B.2.2.6 Duales Luciferase System

Für die Bestimmung der relativen Luciferaseaktivität transfizierter Makrophagen wurde das Testsystem Dual-Luciferase^™ Reporter Assay System benutzt. Es erlaubt die Messung der Aktivität von sowohl der firefly als auch der renilla Luciferase in einer Probe. Zunächst wurden die Lysate mit Substratpuffer für die firefly Luciferase

versetzt, welche als Katalysator bei der ATP-abhängigen oxidativen Decarboxylierung von D-Luciferin zu Oxoluciferin unter Emission von Licht fungiert.

Durch Zugabe des Substratpuffers für die renilla Luciferase wird die Lumineszenz der firefly Luciferase gequencht, d. h. in ihrer Stärke gemindert, und zugleich die Reaktion der renilla Luciferase gestartet. Diese verwertet Coelenterazine und Sauerstoff zur Abspaltung von CO2 und Generierung von Lumineszenz.

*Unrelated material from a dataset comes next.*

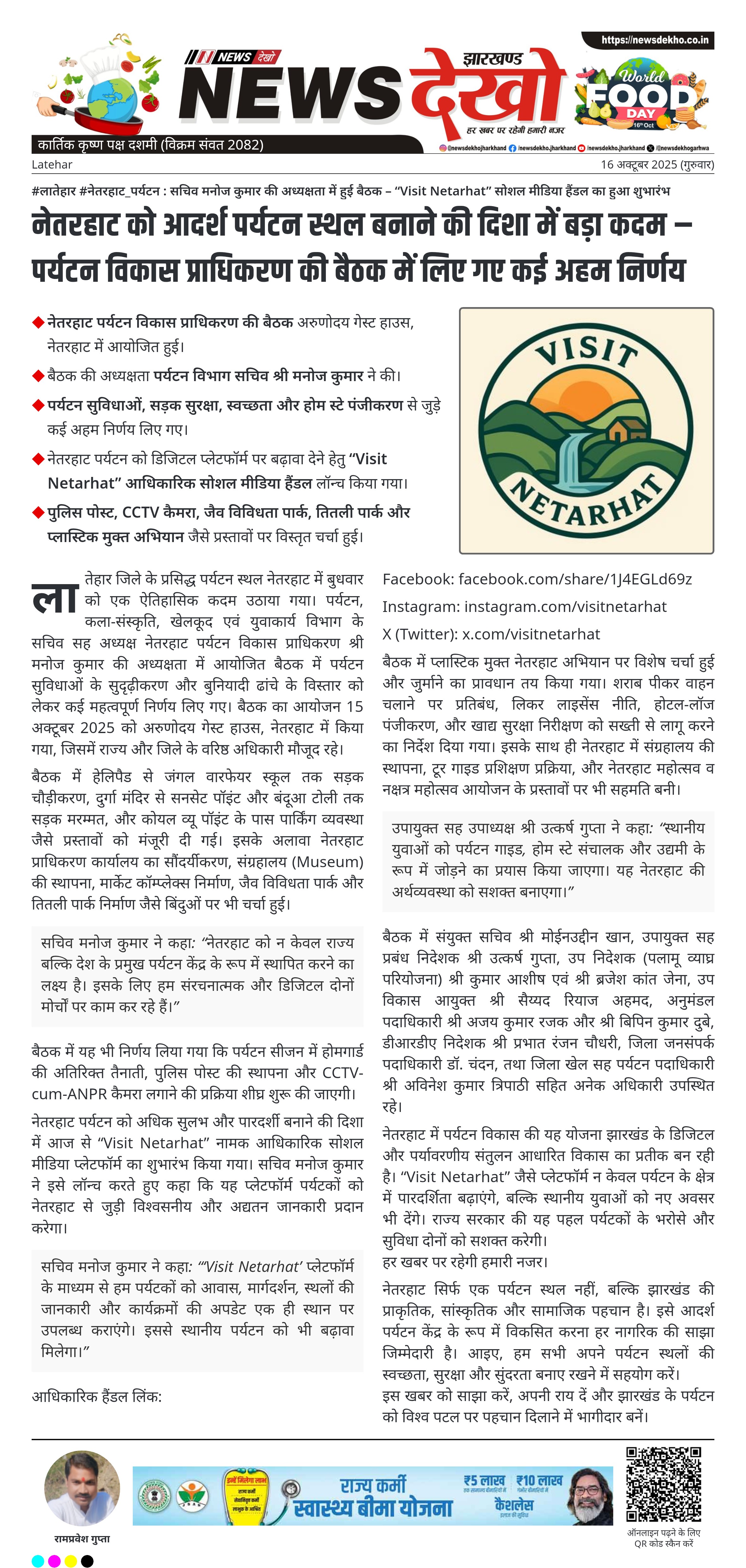 #लातेहार #नेतरहाट_पर्यटन : सचिव मनोज कुमार की अध्यक्षता में हुई बैठक – “Visit Netarhat” सोशल मीडिया हैंडल का हुआ शुभारंभ नेतरहाट पर्यटन विकास प्राधिकरण की बैठक अरुणोदय गेस्ट हाउस, नेतरहाट में आयोजित हुई। बैठक की अध्यक्षता पर्यटन विभाग सचिव श्री मनोज कुमार ने की। पर्यटन सुविधाओं, सड़क सुरक्षा, स्वच्छता और होम स्टे पंजीकरण से जुड़े कई अहम निर्णय लिए गए। नेतरहाट पर्यटन को डिजिटल प्लेटफॉर्म पर बढ़ावा देने हेतु “Visit Netarhat” आधिकारिक सोशल मीडिया हैंडल लॉन्च किया गया। पुलिस पोस्ट,…
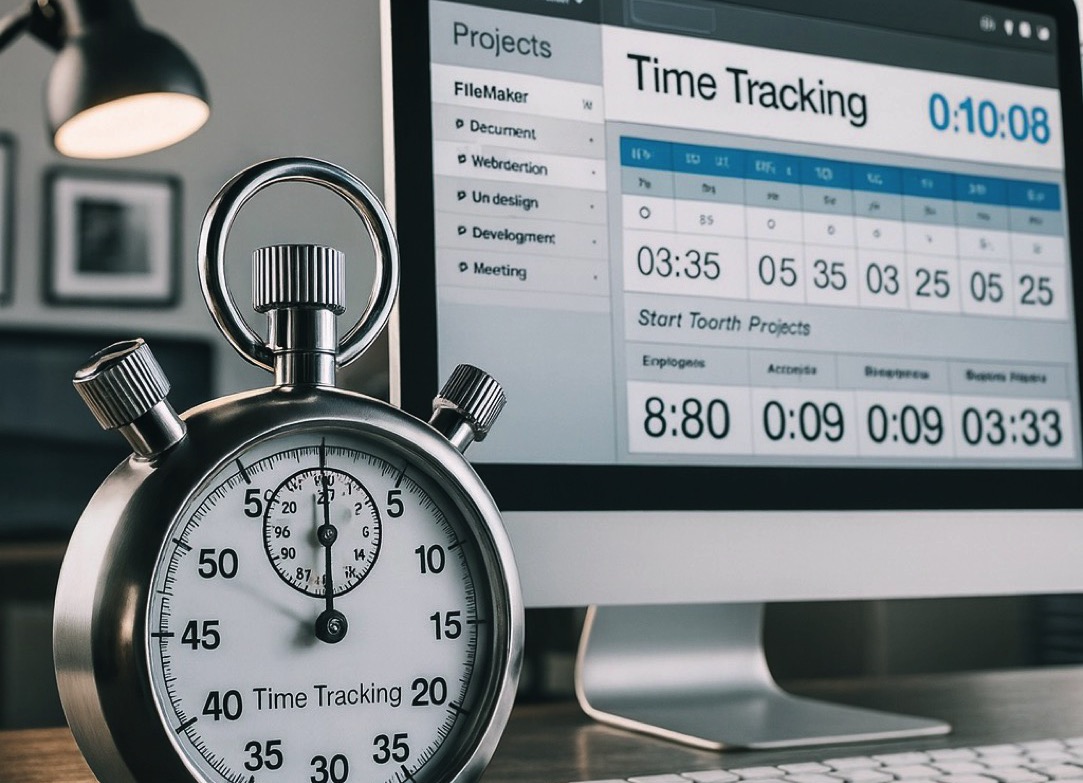 A customer who already uses FileMaker for project management wanted to create a custom web application for tracking the time external workers, such as graphic designers, spend on tasks. Initially, they used the commercial cloud solution Clockify, which offered more features than necessary and was costly due to monthly licensing fees. The main goal was to create a custom application to ensure independence from licenses and simplify usage by focusing only on essential features.

Die Messungen von jeweils 20 µl Zelllysat erfolgten in 5 ml Polystyrolröhrchen am Luminometer (H.8) nach Angaben des Herstellers. Für einen internen Abgleich der als RLU angegebenen Messwerte, wurden die Werte der firefly Luciferase in Relation zu denen der renilla Luciferase und der Proteinkonzentration (B.2.9.1.2) der jeweiligen Probe gesetzt und mittels EXCEL graphisch dargestellt.